(Beginning of ENTRIES SHOWN)

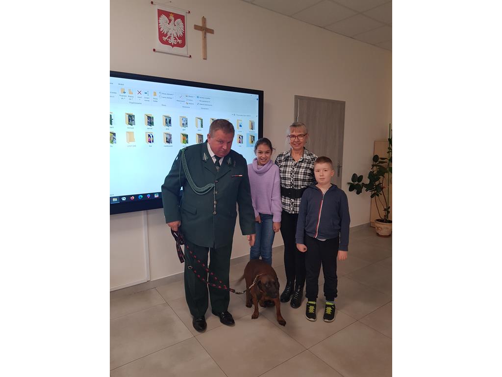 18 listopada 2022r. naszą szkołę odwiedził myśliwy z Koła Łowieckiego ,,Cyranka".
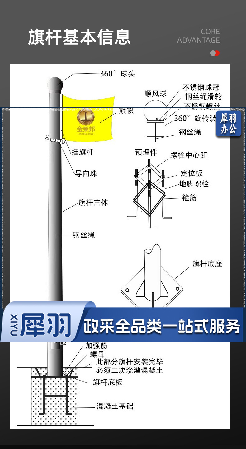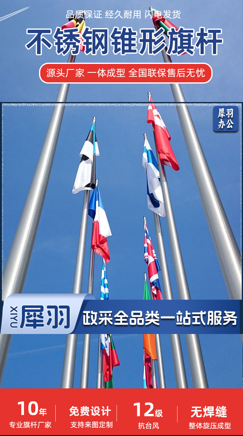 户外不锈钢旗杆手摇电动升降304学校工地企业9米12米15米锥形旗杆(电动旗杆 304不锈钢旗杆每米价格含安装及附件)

(End of ENTRIES SHOWN)
(Beginning of ENTRIES SHOWN)

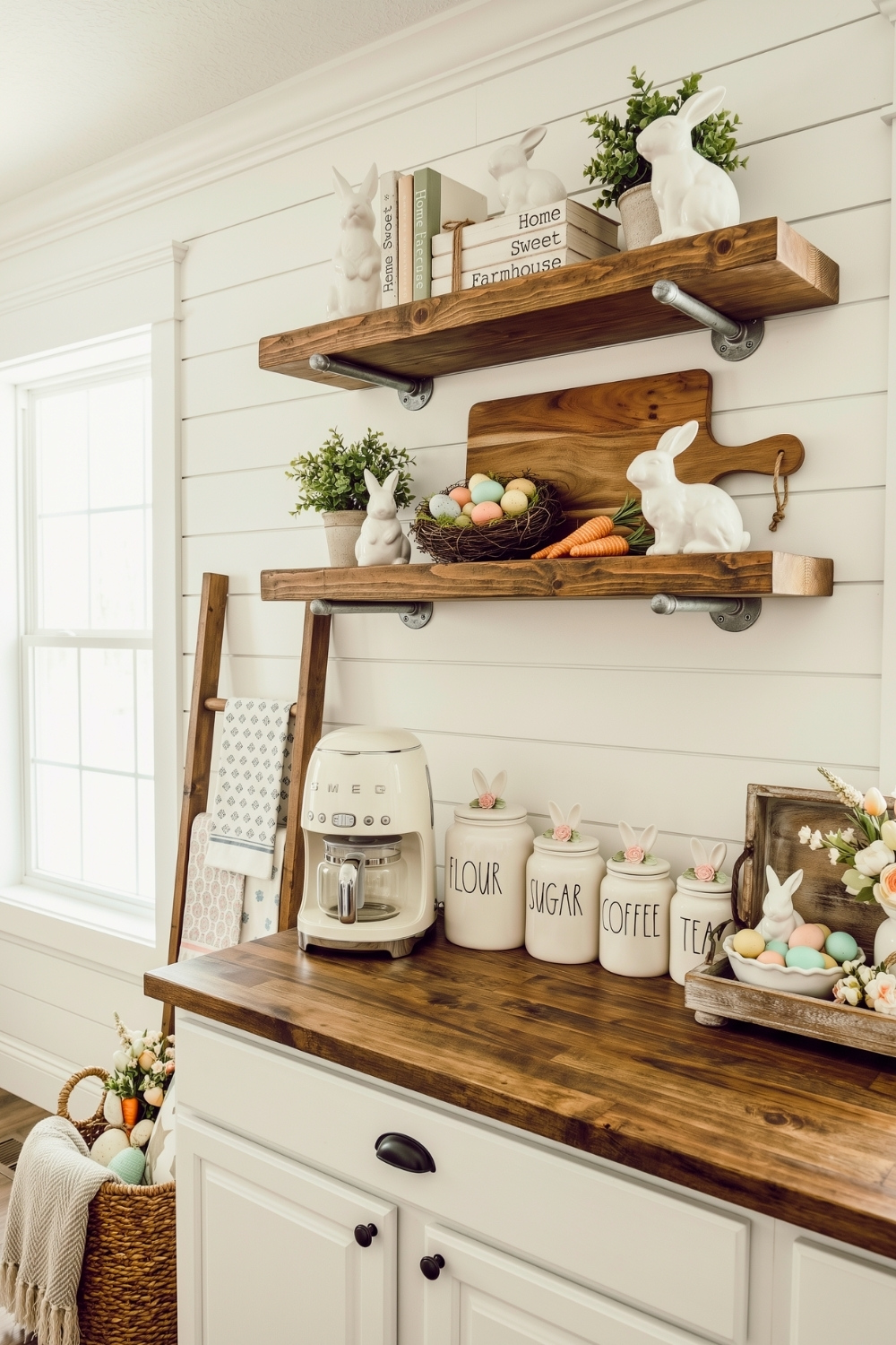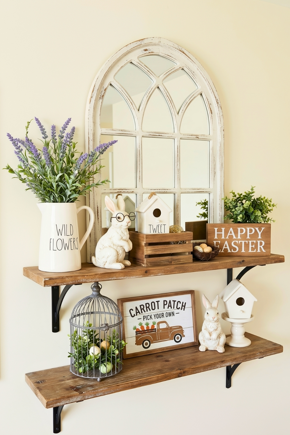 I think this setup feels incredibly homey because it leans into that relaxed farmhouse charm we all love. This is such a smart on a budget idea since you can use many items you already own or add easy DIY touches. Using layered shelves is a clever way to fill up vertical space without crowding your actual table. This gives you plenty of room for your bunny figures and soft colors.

(End of ENTRIES SHOWN)
(Beginning of ENTRIES SHOWN)

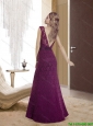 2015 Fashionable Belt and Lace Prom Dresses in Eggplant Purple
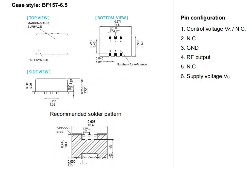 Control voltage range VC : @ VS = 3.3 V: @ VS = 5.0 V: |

(End of ENTRIES SHOWN)

### TRY IT
Look above for the line with "18 listopada 2022r." and the line with "户外不锈钢旗杆手摇电动升降3"; set down those two lines and all lines between them exactly, without pictures and without anything else.

### RESULT FOR THIS EXERCISE
 18 listopada 2022r. naszą szkołę odwiedził myśliwy z Koła Łowieckiego ,,Cyranka".
 户外不锈钢旗杆手摇电动升降304学校工地企业9米12米15米锥形旗杆(电动旗杆 304不锈钢旗杆每米价格含安装及附件)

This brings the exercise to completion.